# Problem description
Please repeat the entries word for word and keep the images out.

[Dataset excerpts]
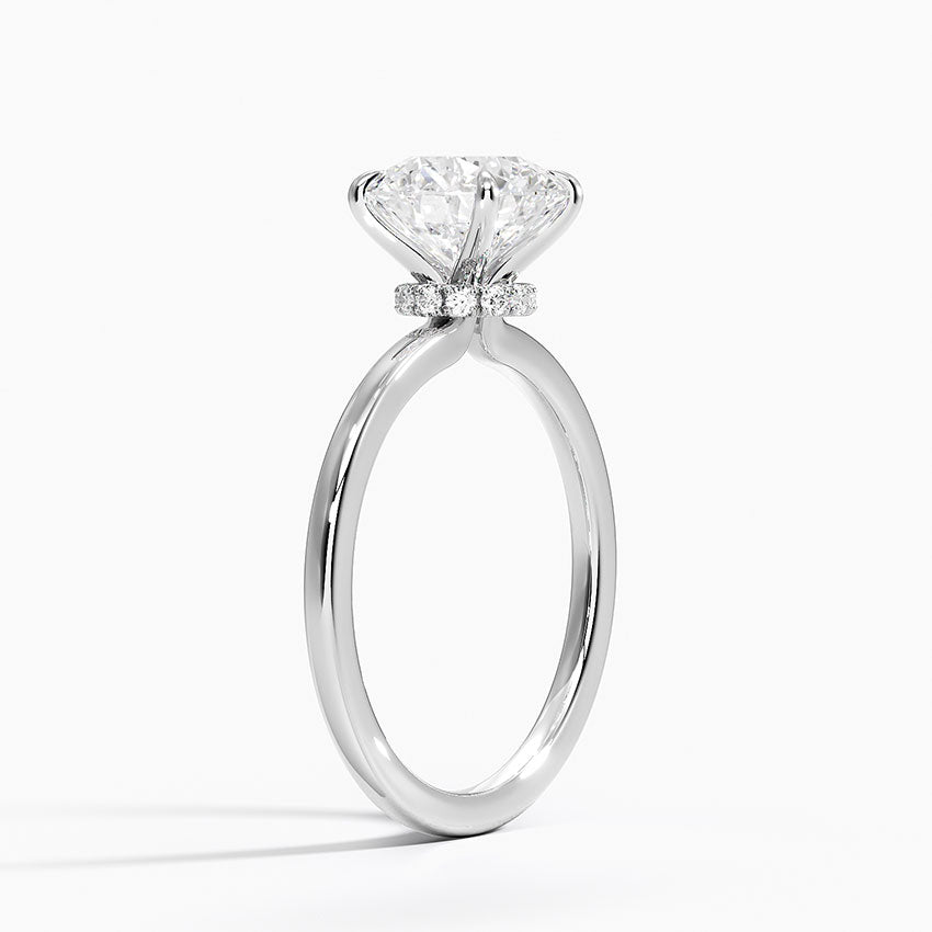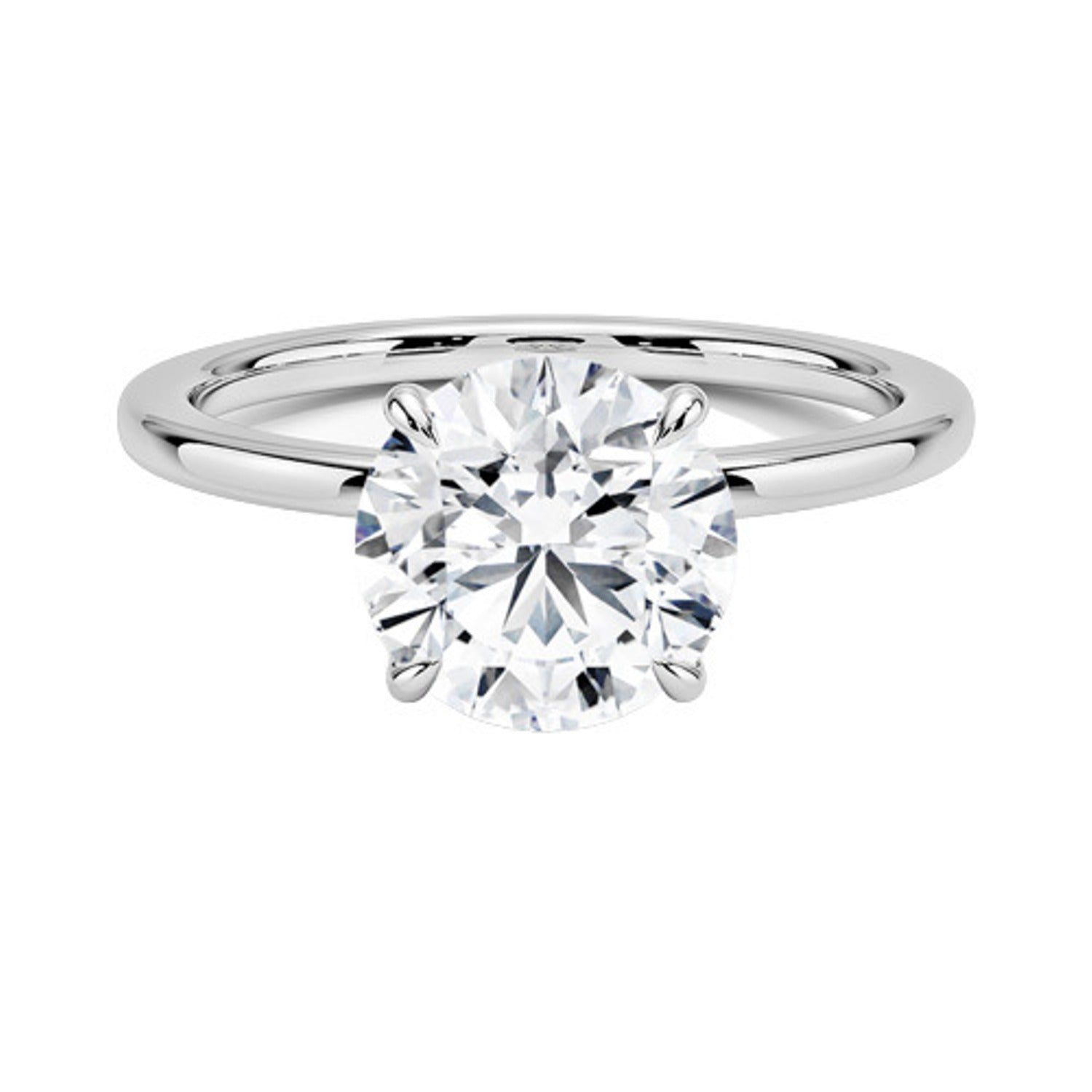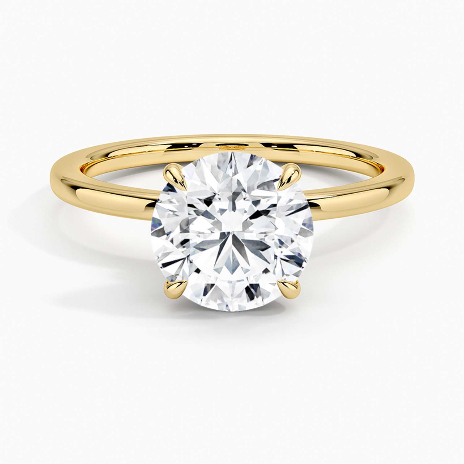 A round brilliant solitaire embraced by an intricate vine-inspired setting, intertwining elegance and organic artistry.
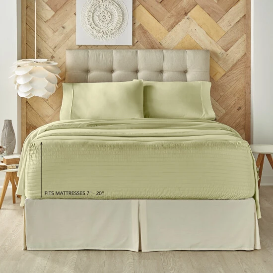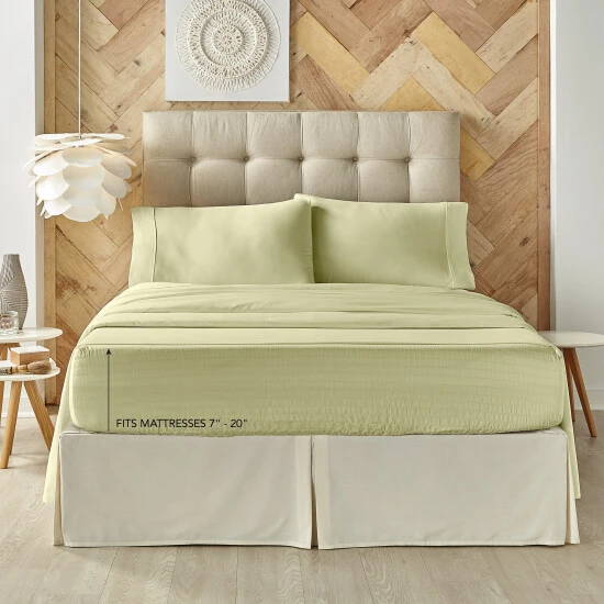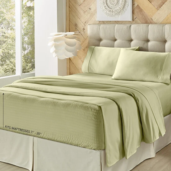 Add a luxurious feel to your bedding with this super-soft four-piece sheet set. Showcasing Royal Fit technology, a patented design, which guarantees to fit every mattress perfectly, every time. The unique fitted sheet construction stretches to fit the deepest mattress, mattress toppers, and works great with smaller low-profile mattresses (7″ – 20″).
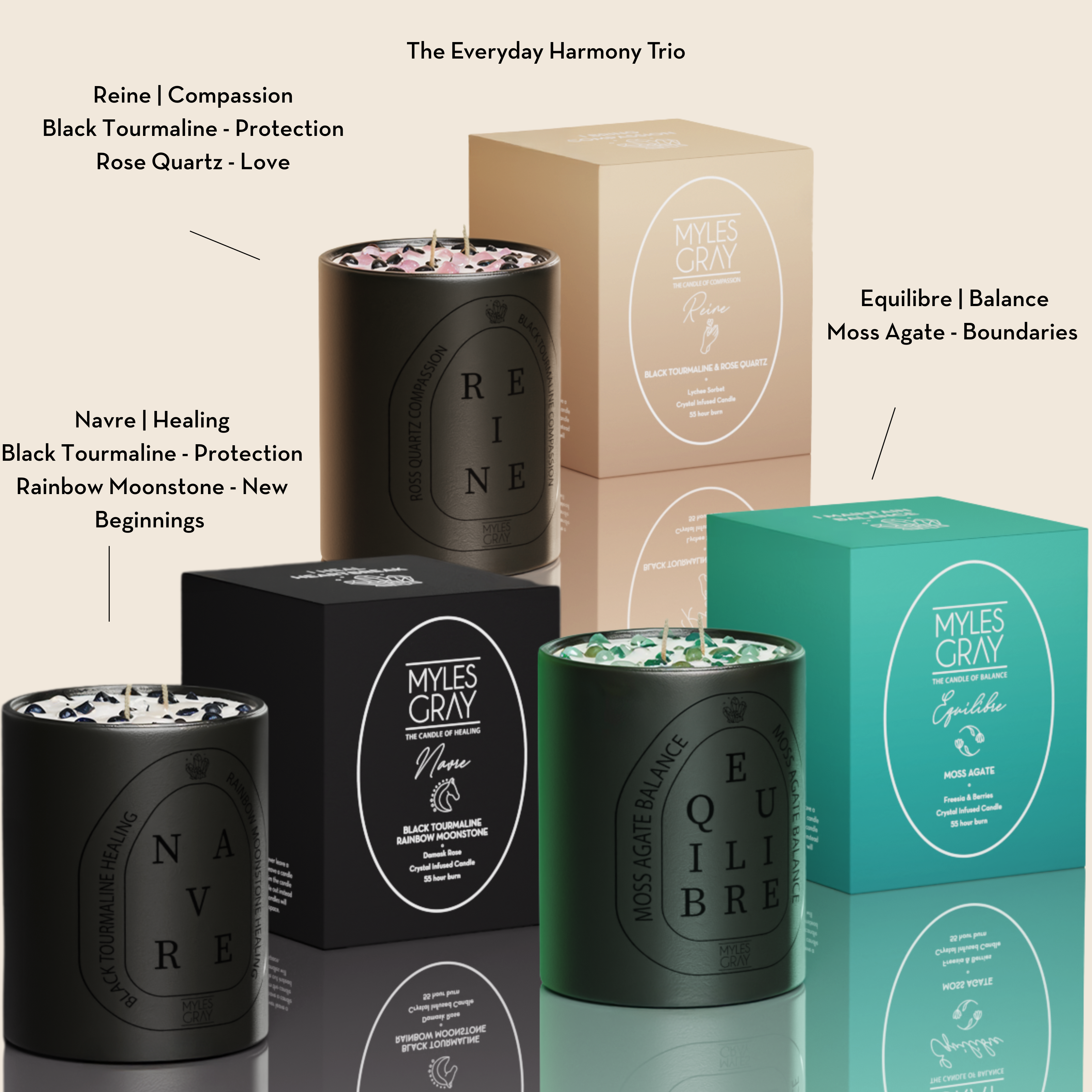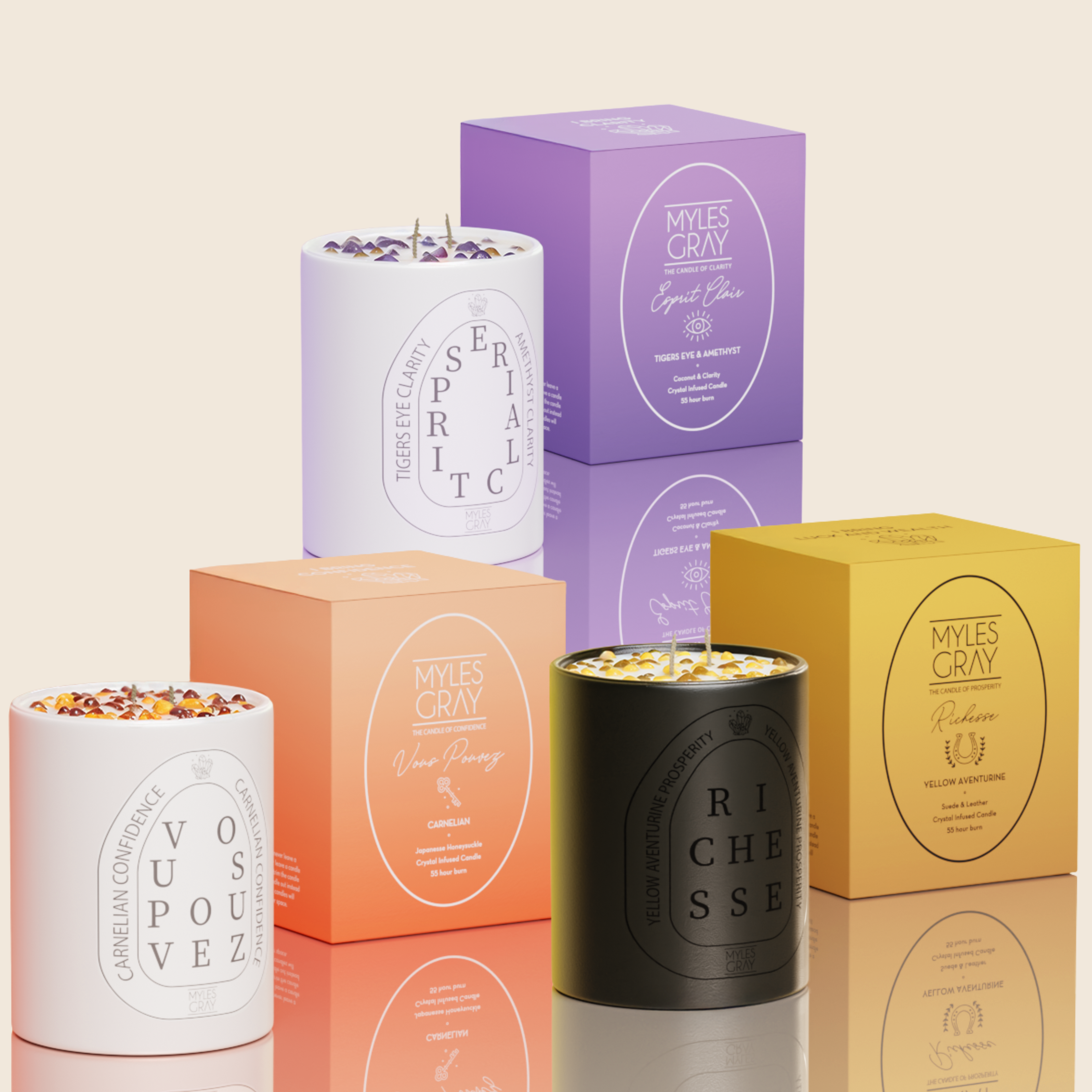 Through our crystal-infused candles and hand-crafted fragrances, Myles Gray promotes emotional healing and inner peace, making it effortless for you to experience the benefits of crystals in your daily life. You can read more about our story by clicking the link below.
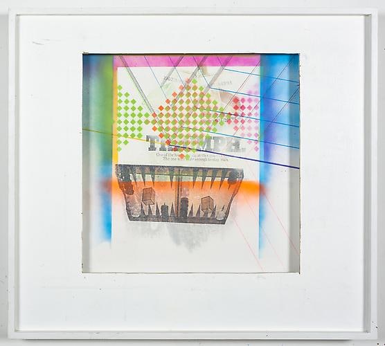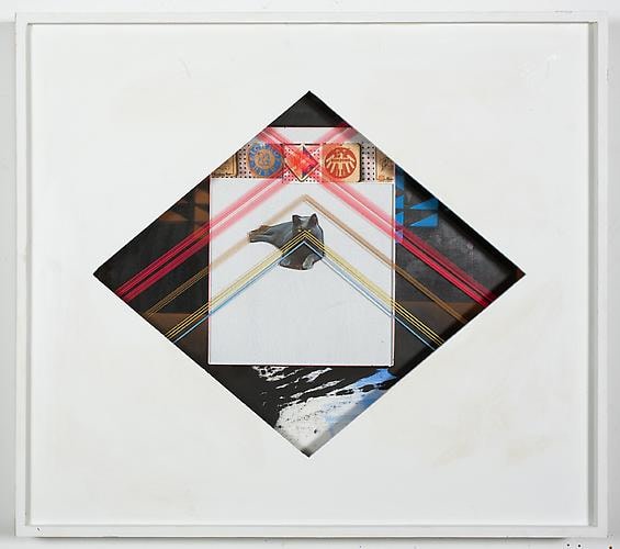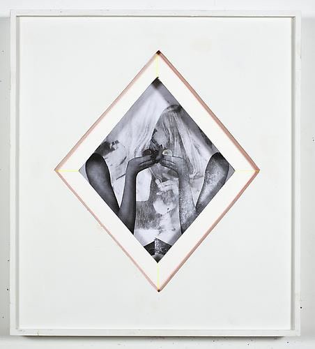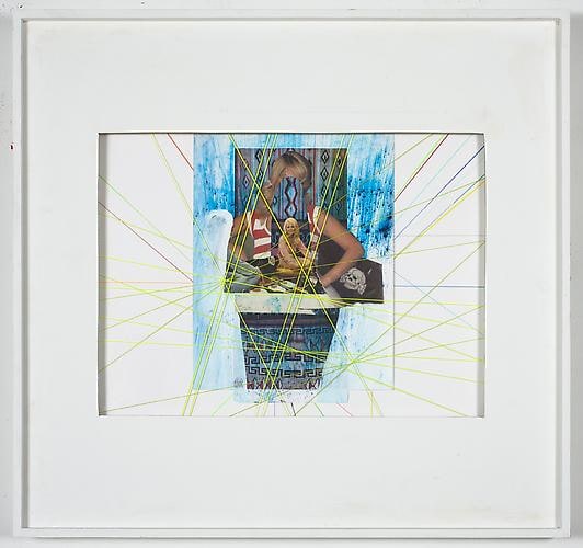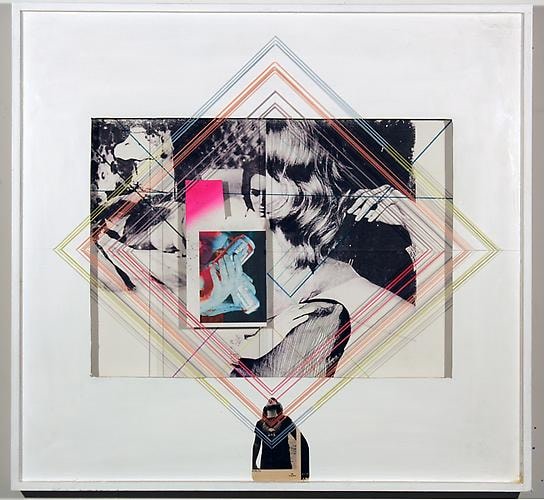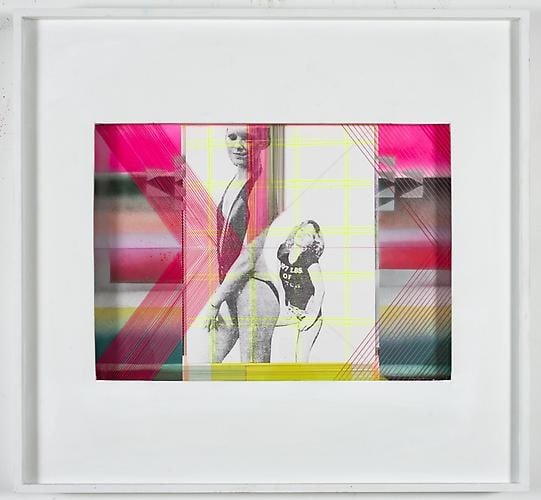 Beyond the Rocks, as the show title, is a double- or perhaps triple-entendre. Referencing the 1922 silent film directed by Sam Wood, starring Rudolph Valentino and Gloria Swanson (considered a "lost film" for most of the twentieth century until it was discovered in 2003 by an eccentric Dutch collector), the title also suggests going beyond the "rocks" (hard times, booze), as well as literally a journey through a rocky northern landscape. Certainly, many of these works were made at Schiele's studio upstate, where she sequestered herself for months before the show, steeped in nature. Organic energy and sensation bristle within Schiele's work. Her raw dissection of 60's and 70's pop consumerism and kitsch culture from that era are evident in her tongue-in-cheek juxtapositions. Couples with picture-perfect hair are depicted locked in carnal embrace beside a Brylcreem ad or tropical travel brochure, and against silkscreened slogans like "FAT GIRLS' DIET" or "NEED MONEY." There are some interiors, small moments, video games, TV excerpts, details such as beer bottles, beach blankets, board games, scenes from movies, and other assorted media references. Schiele writes,
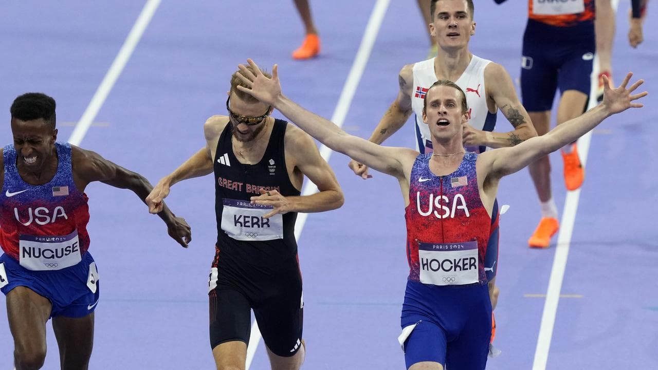 But it was 23-year-old Hocker who was fastest when it mattered most, flying home on the inside to win in an Olympic record time of three minutes 27.65 seconds, slashing more than three seconds off his personal best.
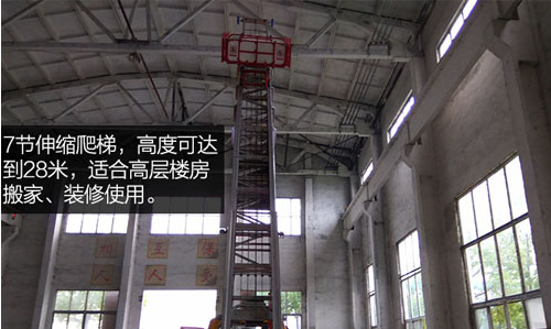 7節(jié)伸縮爬梯,高度可達到28米,適合高層樓房搬家、裝修使用。爬梯頂部安裝滑輪,適合貼墻升高時使用。云梯采用韓國進口技術(shù),部分部件采用韓國原廠整裝進口!包括液壓系統(tǒng),油路管件都是韓國原廠提供。

# Answer section
 A round brilliant solitaire embraced by an intricate vine-inspired setting, intertwining elegance and organic artistry.
 Add a luxurious feel to your bedding with this super-soft four-piece sheet set. Showcasing Royal Fit technology, a patented design, which guarantees to fit every mattress perfectly, every time. The unique fitted sheet construction stretches to fit the deepest mattress, mattress toppers, and works great with smaller low-profile mattresses (7″ – 20″).
 Through our crystal-infused candles and hand-crafted fragrances, Myles Gray promotes emotional healing and inner peace, making it effortless for you to experience the benefits of crystals in your daily life. You can read more about our story by clicking the link below.
 Beyond the Rocks, as the show title, is a double- or perhaps triple-entendre. Referencing the 1922 silent film directed by Sam Wood, starring Rudolph Valentino and Gloria Swanson (considered a "lost film" for most of the twentieth century until it was discovered in 2003 by an eccentric Dutch collector), the title also suggests going beyond the "rocks" (hard times, booze), as well as literally a journey through a rocky northern landscape. Certainly, many of these works were made at Schiele's studio upstate, where she sequestered herself for months before the show, steeped in nature. Organic energy and sensation bristle within Schiele's work. Her raw dissection of 60's and 70's pop consumerism and kitsch culture from that era are evident in her tongue-in-cheek juxtapositions. Couples with picture-perfect hair are depicted locked in carnal embrace beside a Brylcreem ad or tropical travel brochure, and against silkscreened slogans like "FAT GIRLS' DIET" or "NEED MONEY." There are some interiors, small moments, video games, TV excerpts, details such as beer bottles, beach blankets, board games, scenes from movies, and other assorted media references. Schiele writes,
 But it was 23-year-old Hocker who was fastest when it mattered most, flying home on the inside to win in an Olympic record time of three minutes 27.65 seconds, slashing more than three seconds off his personal best.
 7節(jié)伸縮爬梯,高度可達到28米,適合高層樓房搬家、裝修使用。爬梯頂部安裝滑輪,適合貼墻升高時使用。云梯采用韓國進口技術(shù),部分部件采用韓國原廠整裝進口!包括液壓系統(tǒng),油路管件都是韓國原廠提供。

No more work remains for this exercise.